Wenn ich mit dem Pinsel im Modus "Luminanz" Farbe auftrage, so verhält sich das Ergebnis wie erwartet:

Durch den Modus "Luminanz" sollte nur die Helligkeit des überpinselten Bereiches geändert werden, nicht jedoch Farbton oder Sättigung. Soweit ist das auch korrekt. 
Wenn ich im Farbwähler nun aber einen anderen Farbton wähle, bei fixiertem Luminanzwert ("L" markiert im Lab bereich des Wählers) aussuche, so ändert sich beim anschließenden Pinseln die Helligkeit abermals.

Ich verstehe nicht ganz warum...

Vielleicht hat jemand eine Idee... 
Danke Euch


----------



## MonoMental (18. November 2005)

Also nach dem zu Urteilen, was ich durch deinen Post auffassen konnte ist dies auch klar.

Verstehe nicht ganz den Sinn darin, warum du die Luminanz fixieren willst.

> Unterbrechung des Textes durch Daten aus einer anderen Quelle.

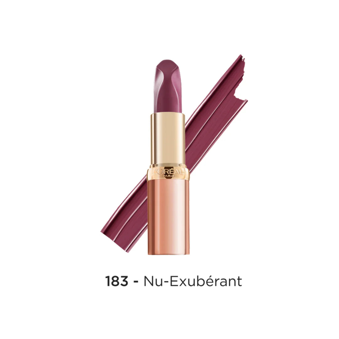 l'oréal paris color riche les nus lipstick offers a luxurious, creamy formula with rich color payoff in a range of nude shades. this lipstick is designed to enhance your natural lip color while providing a smooth, satin finish. infused with nourishing ingredients such as omega 3, vitamin e, and argan oil, it keeps lips hydrated and soft throughout the day. the color riche les nus lipstick line celebrates the beauty of nude shades, offering a variety of tones that flatter different skin tones and create a polished, elegant look. perfect for everyday wear or a subtle, refined look for special occasions.

Du willst sicher nur ein paar Stellen eines Bildes mit dem Pinselwerkzeug oder was auch immer aufhellen. Auch wenn du den Farbton änderst wird der Pinsel mit der Luminanz dir immer eine weitere Änderung in deinem Bild bringen.

Bitte Feuer frei wenn ich deine Intention falsch interpretiert habe.  

greez

der mono


----------



## BSE Royal (19. November 2005)

Hallo,

die Intention ist, die Funktion zu testen und zu hinterfragen.

Wenn per "Luminanz"-Modus nur die Helligkeit geändert werden soll, so darf in meinen Augen keine Änderung auftreten, wenn ich zwei Farben mit gleichem Luminanzwert zum malen verwende.

Aber genau das ist der Fall, und das will mir nicht ganz einleuchten.

Gruß, der BSE!


----------